- Extracted information:
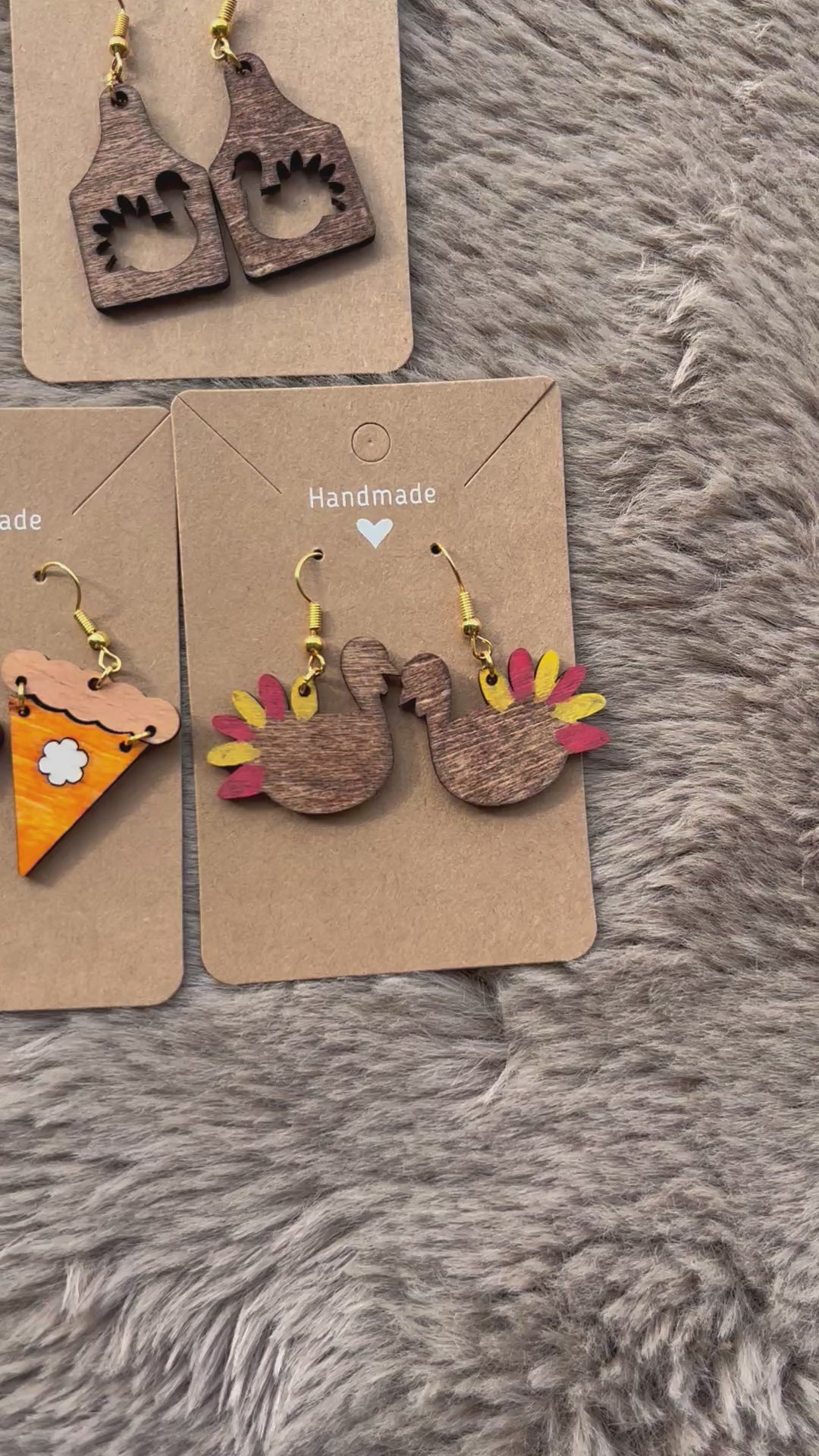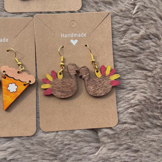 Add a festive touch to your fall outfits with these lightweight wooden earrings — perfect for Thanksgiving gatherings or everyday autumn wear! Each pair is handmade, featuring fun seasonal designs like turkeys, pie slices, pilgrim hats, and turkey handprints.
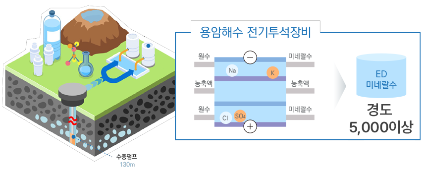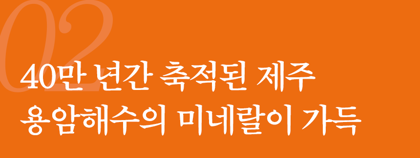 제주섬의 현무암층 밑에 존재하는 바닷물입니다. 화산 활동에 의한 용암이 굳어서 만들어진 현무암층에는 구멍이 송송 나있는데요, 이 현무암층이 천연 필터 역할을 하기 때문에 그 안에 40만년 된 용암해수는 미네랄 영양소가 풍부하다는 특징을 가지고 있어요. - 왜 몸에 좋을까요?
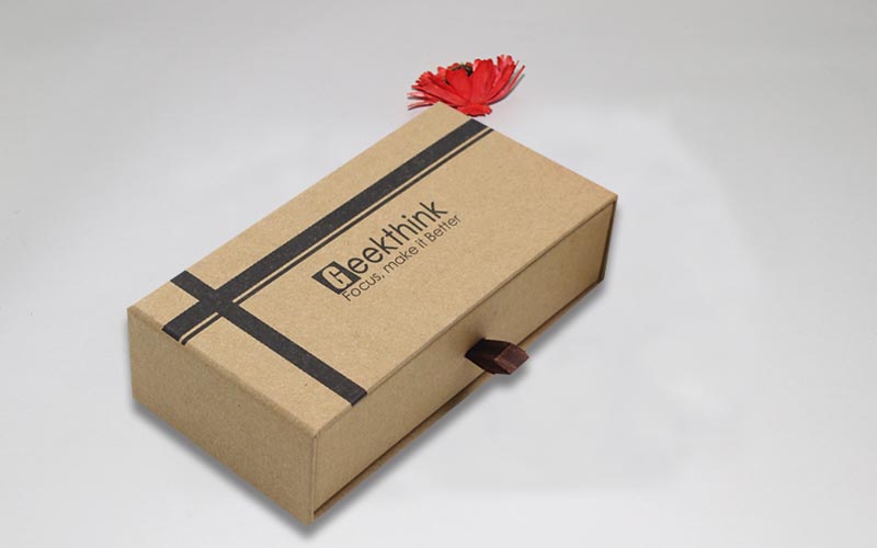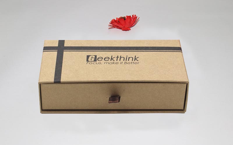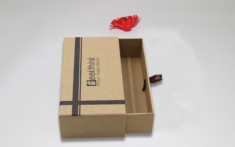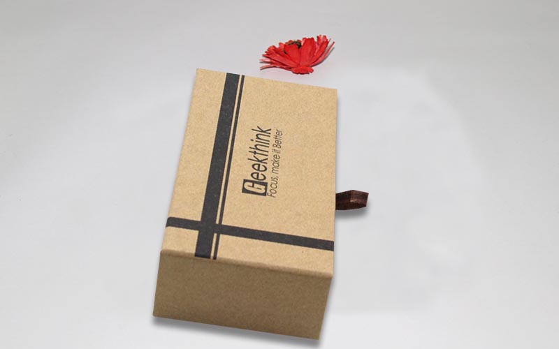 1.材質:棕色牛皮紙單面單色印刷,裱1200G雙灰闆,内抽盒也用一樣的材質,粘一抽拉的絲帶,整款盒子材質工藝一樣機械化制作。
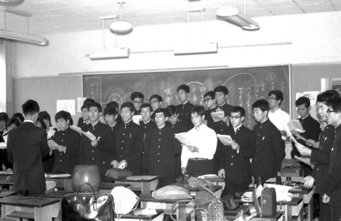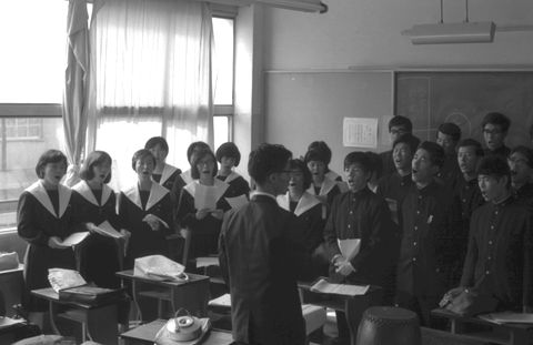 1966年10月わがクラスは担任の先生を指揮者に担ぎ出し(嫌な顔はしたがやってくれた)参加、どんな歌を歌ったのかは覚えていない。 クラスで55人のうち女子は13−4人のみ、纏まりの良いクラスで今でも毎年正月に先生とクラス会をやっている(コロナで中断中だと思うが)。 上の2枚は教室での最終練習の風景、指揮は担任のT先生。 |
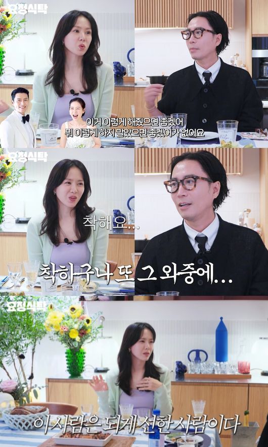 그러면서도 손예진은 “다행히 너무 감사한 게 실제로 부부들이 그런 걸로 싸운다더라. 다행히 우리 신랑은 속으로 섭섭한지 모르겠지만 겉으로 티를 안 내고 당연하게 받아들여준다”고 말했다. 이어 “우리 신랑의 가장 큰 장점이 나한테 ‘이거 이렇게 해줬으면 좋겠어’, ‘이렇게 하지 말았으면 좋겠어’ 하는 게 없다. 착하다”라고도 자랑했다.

- Task objective: An exact reproduction of the material above is needed, without its pictures.

- Answer for this exercise:
 Add a festive touch to your fall outfits with these lightweight wooden earrings — perfect for Thanksgiving gatherings or everyday autumn wear! Each pair is handmade, featuring fun seasonal designs like turkeys, pie slices, pilgrim hats, and turkey handprints.
 제주섬의 현무암층 밑에 존재하는 바닷물입니다. 화산 활동에 의한 용암이 굳어서 만들어진 현무암층에는 구멍이 송송 나있는데요, 이 현무암층이 천연 필터 역할을 하기 때문에 그 안에 40만년 된 용암해수는 미네랄 영양소가 풍부하다는 특징을 가지고 있어요. - 왜 몸에 좋을까요?
 1.材質:棕色牛皮紙單面單色印刷,裱1200G雙灰闆,内抽盒也用一樣的材質,粘一抽拉的絲帶,整款盒子材質工藝一樣機械化制作。
 1966年10月わがクラスは担任の先生を指揮者に担ぎ出し(嫌な顔はしたがやってくれた)参加、どんな歌を歌ったのかは覚えていない。 クラスで55人のうち女子は13−4人のみ、纏まりの良いクラスで今でも毎年正月に先生とクラス会をやっている(コロナで中断中だと思うが)。 上の2枚は教室での最終練習の風景、指揮は担任のT先生。 |
 그러면서도 손예진은 “다행히 너무 감사한 게 실제로 부부들이 그런 걸로 싸운다더라. 다행히 우리 신랑은 속으로 섭섭한지 모르겠지만 겉으로 티를 안 내고 당연하게 받아들여준다”고 말했다. 이어 “우리 신랑의 가장 큰 장점이 나한테 ‘이거 이렇게 해줬으면 좋겠어’, ‘이렇게 하지 말았으면 좋겠어’ 하는 게 없다. 착하다”라고도 자랑했다.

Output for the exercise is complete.